--- SUPPLIED MATERIAL ---

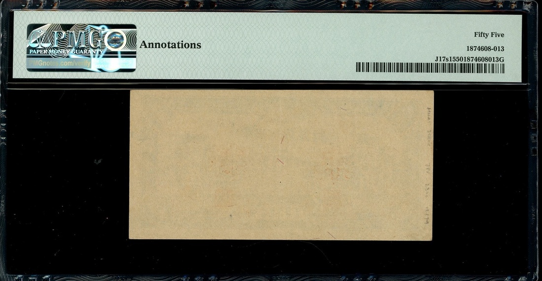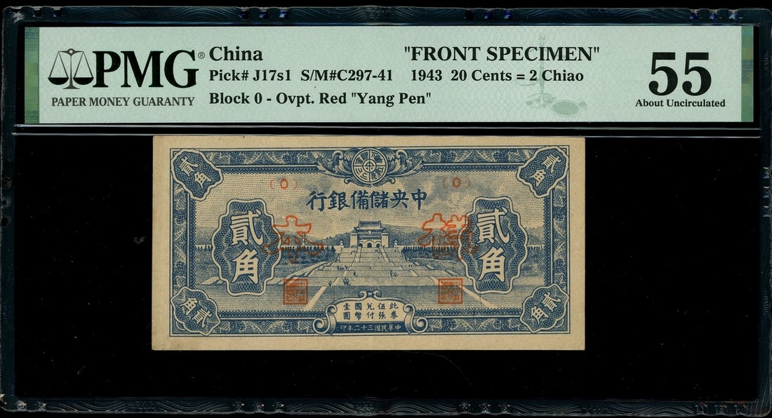 1943年中央儲備銀行2角正面樣票,PMG 55,背面有書寫,罕見
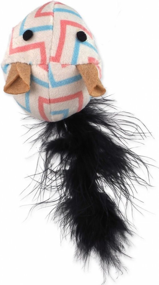 Lákavá hračka v podobě myši s pírkem a šantou kočičí.
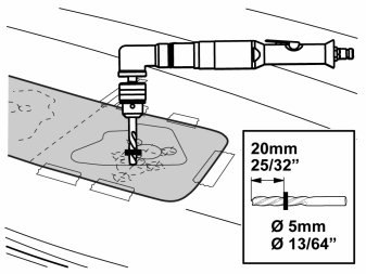 - Predrill the holes according to the template using a -5 mm (13/64") drill bit. Fit a 20 mm (25/32") drill stop. Drill square to the dashboard where the holes are to be positioned.

---

What you return must match the data above exactly, with no images included.

> SOLUTION BELOW:
 1943年中央儲備銀行2角正面樣票,PMG 55,背面有書寫,罕見
 Lákavá hračka v podobě myši s pírkem a šantou kočičí.
 - Predrill the holes according to the template using a -5 mm (13/64") drill bit. Fit a 20 mm (25/32") drill stop. Drill square to the dashboard where the holes are to be positioned.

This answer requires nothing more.